So true, Scottj. Maybe on the flip side of the card it should say in small print: "Disclaimer: if your family members are islamic extremists, faith in Christ may result in their killing you."

Kevin Williams said...

"Faith in Christ can help you resolve personal and family problems" Is that a rare manuscript of Matthew 10:35-36?

"For I have come to set a man against his father, and a daughter against her mother, and a daughter-in-law against her mother-in-law. And a person's enemies will be those of his own household."

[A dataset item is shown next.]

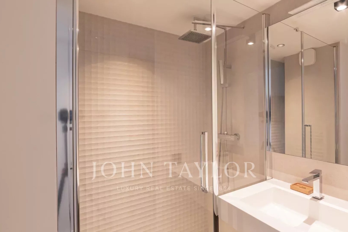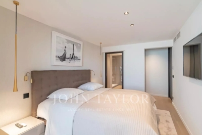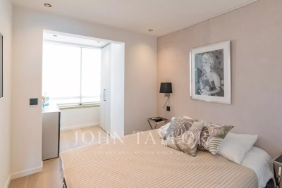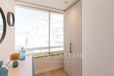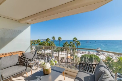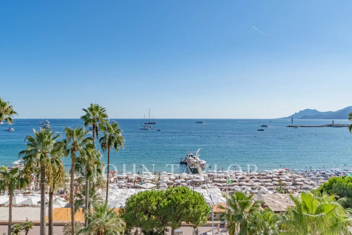 Bel appartement climatisé situé au cœur de la Croisette au 5ème étage d'une résidence de standing, jouissant d'une vue panoramique magnifique sur la Baie de Cannes, ses plages, le Palais des Festivals, et l'Estérel. D'une superficie d'environ 92 m², l'appartement est exposé Sud et comprend : Hall d'entrée Salon / salle à manger (TV) s'ouvrant sur terrasse Cuisine ouverte entièrement équipée Toilettes invités Trois chambres ensuite avec TV, dressing et salle de douches (deux sont équipées de toilettes) Equipement : climatisation – WI FI

My first thought was 'Mormon', but we don't have to go as far as the cults, that could be a lot of "christian" churches.

abraham n konda said...

jehovahs witnesses?

Unknown said...

Sorry if this comment posts twice:

It will certainly be telling if this is from Mormons. This says something about the "gospel" presentations of today when we cannot discern it from those of the LDS.

Rachael Starke said...

Given that I am right now in the midst of a painful, protrated conflict with a close (Christian)family member, what I read is:
1. I might not have faith in Christ
2. My family member might not have faith in Christ
3.Both of the above
4. What they're saying is a lie because I still have this conflict, so maybe I just need to move on and try something else....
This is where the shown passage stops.